We use validation data, which isn't used in model training, to measure a candidate model's accuracy. This lets us try many candidate models and keep the best one.

![fitting.png](attachment:fitting.png)

In [38]:
def get_mae(myModel, max_leaf_nodes, train_X, val_X, train_y, val_y):
    if myModel == 'dtree':
        model = DecisionTreeRegressor(max_leaf_nodes=max_leaf_nodes, random_state=1)
    else:
        model = RandomForestRegressor(max_leaf_nodes=max_leaf_nodes, random_state=1)
    
    model.fit(train_X, train_y)
    preds_val = model.predict(val_X)
    mae = mean_absolute_error(val_y, preds_val)
    return(mae)

# compare MAE with differing values of max_leaf_nodes
candidate_max_leaf_nodes = [16,18,20,22,24,30]

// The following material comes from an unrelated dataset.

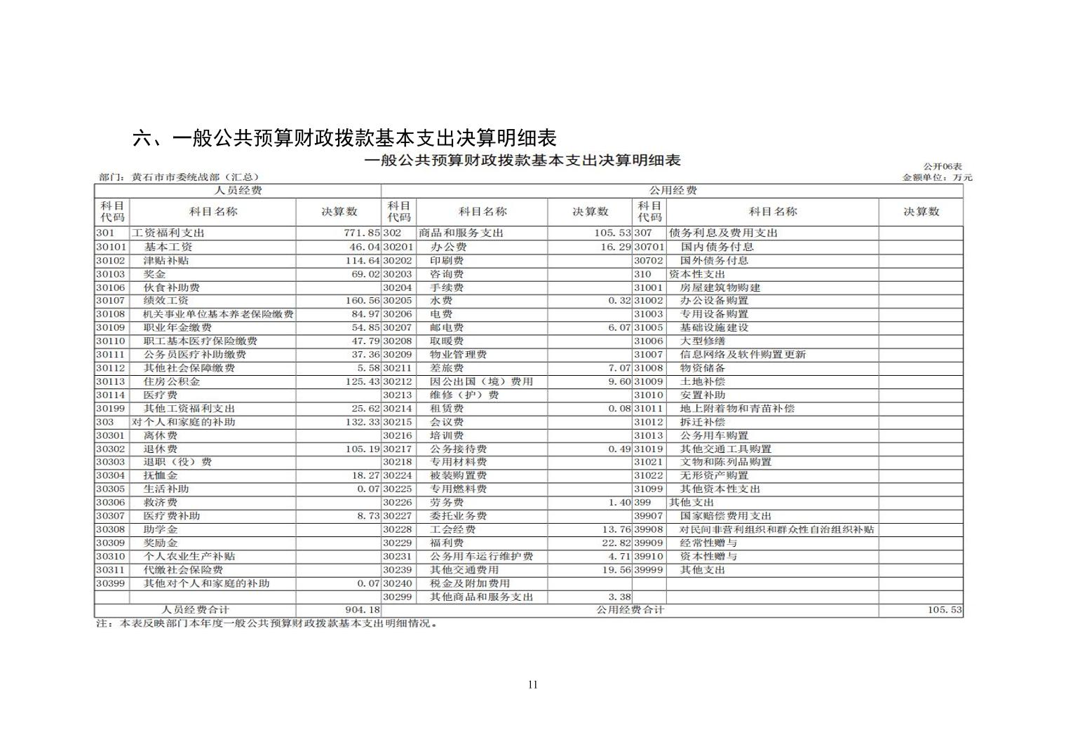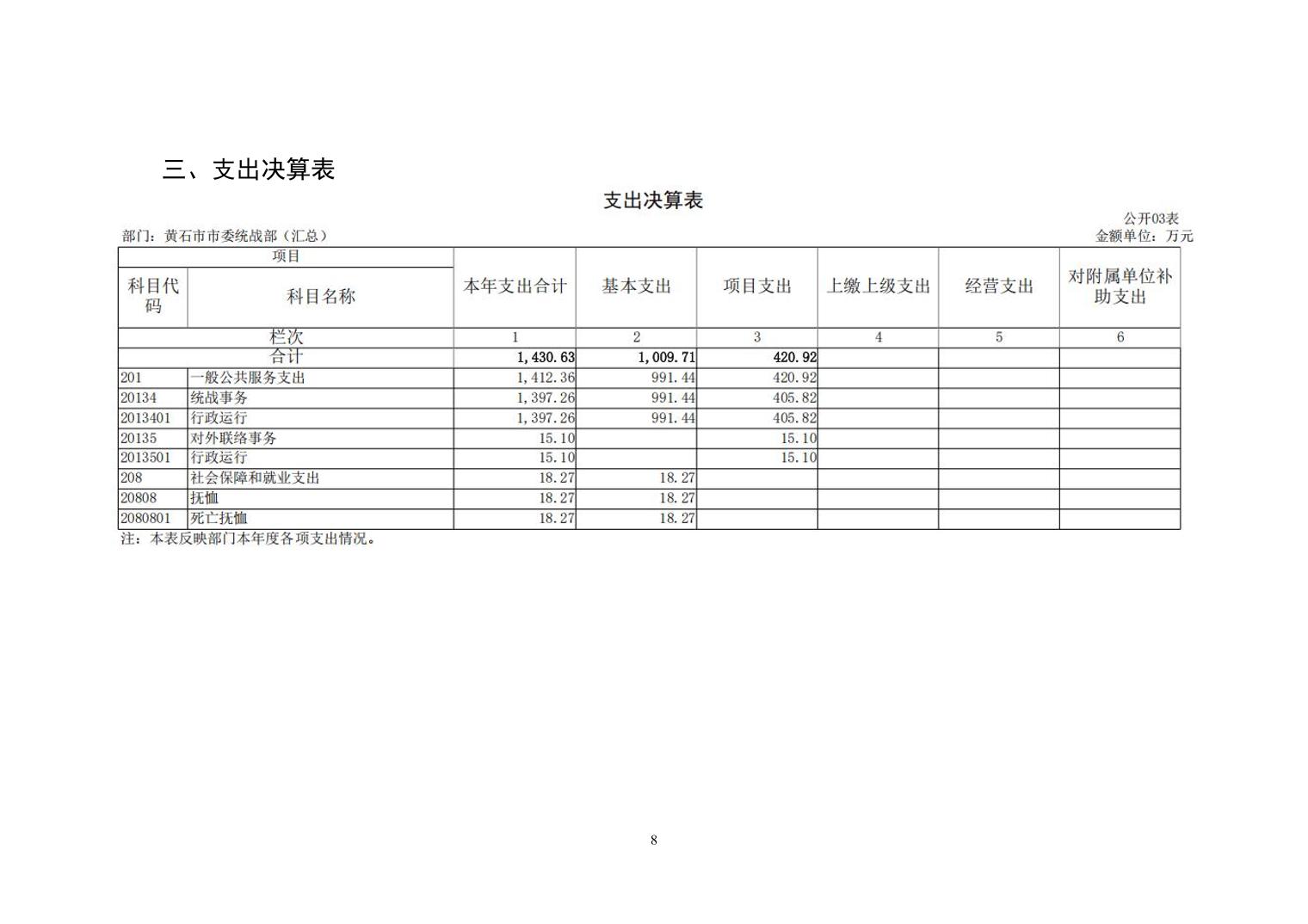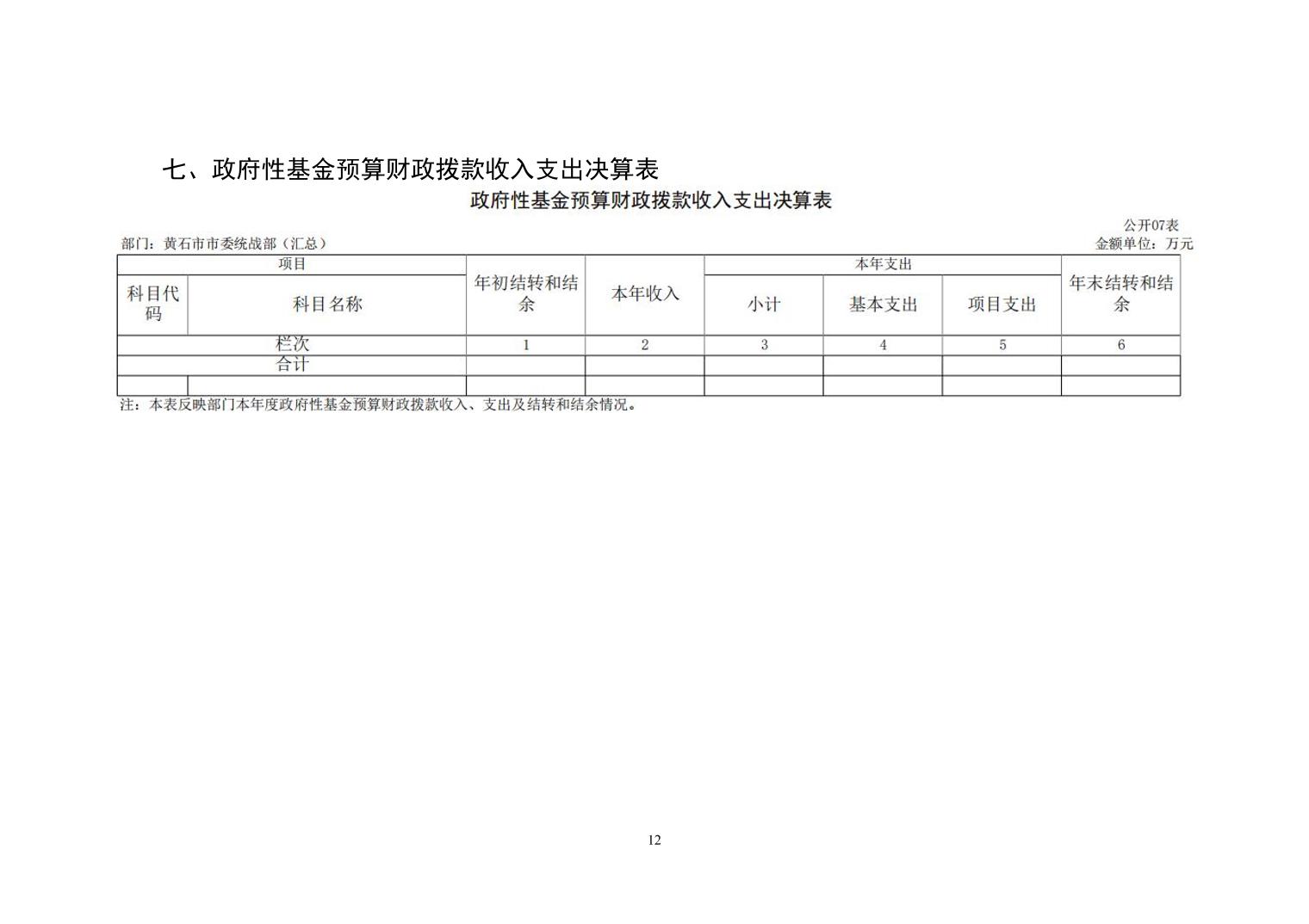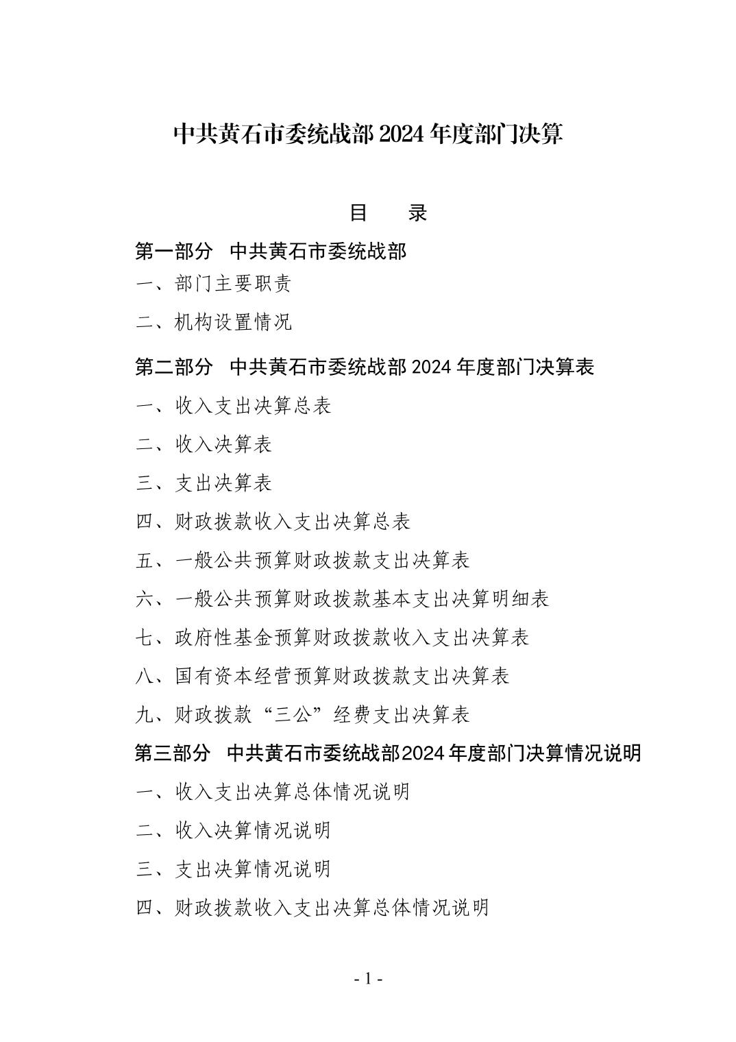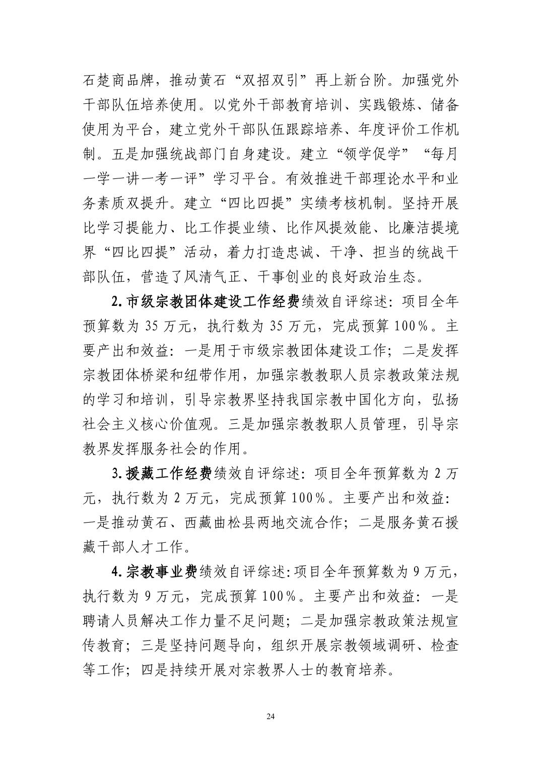 中共黄石市委统战部2024年度部门决算

for max_leaf_nodes in candidate_max_leaf_nodes:
    my_mae_DT = get_mae('dTree', max_leaf_nodes, train_X, val_X, train_y, val_y)
    my_mae_RF = get_mae('rForest', max_leaf_nodes, train_X, val_X, train_y, val_y)
    print("Max leaf nodes: %d  \t\t MAE Tree:  %f   \t\t MAE Forest:  %f" %(max_leaf_nodes, my_mae_DT, my_mae_RF))
    
scores = {leaf_size: get_mae('dTree', leaf_size, train_X, val_X, train_y, val_y) for leaf_size in candidate_max_leaf_nodes}
best_tree_size = min(scores, key=scores.get)

print('\n*** BEST TREE SIZE == ' + str(best_tree_size))

Max leaf nodes: 16  		 MAE Tree:  58.606154   		 MAE Forest:  58.606154
Max leaf nodes: 18  		 MAE Tree:  58.581520   		 MAE Forest:  58.581520
Max leaf nodes: 20  		 MAE Tree:  58.809187   		 MAE Forest:  58.809187
Max leaf nodes: 22  		 MAE Tree:  58.827407   		 MAE Forest:  58.827407
Max leaf nodes: 24  		 MAE Tree:  58.778142   		 MAE Forest:  58.778142
Max leaf nodes: 30  		 MAE Tree:  58.492822   		 MAE Forest:  58.492822

*** BEST TREE SIZE == 30


# Building a Random Forest Model

In [41]:
forest_model = RandomForestRegressor(max_leaf_nodes=20, random_state=0)
forest_model.fit(train_X, train_y)



RandomForestRegressor(bootstrap=True, criterion='mse', max_depth=None,
           max_features='auto', max_leaf_nodes=20,
           min_impurity_decrease=0.0, min_impurity_split=None,
           min_samples_leaf=1, min_samples_split=2,
           min_weight_fraction_leaf=0.0, n_estimators=10, n_jobs=1,
           oob_score=False, random_state=0, verbose=0, warm_start=False)

In [42]:
melb_preds = forest_model.predict(val_X)

print(mean_absolute_error(val_y, melb_preds))

58.29918376597213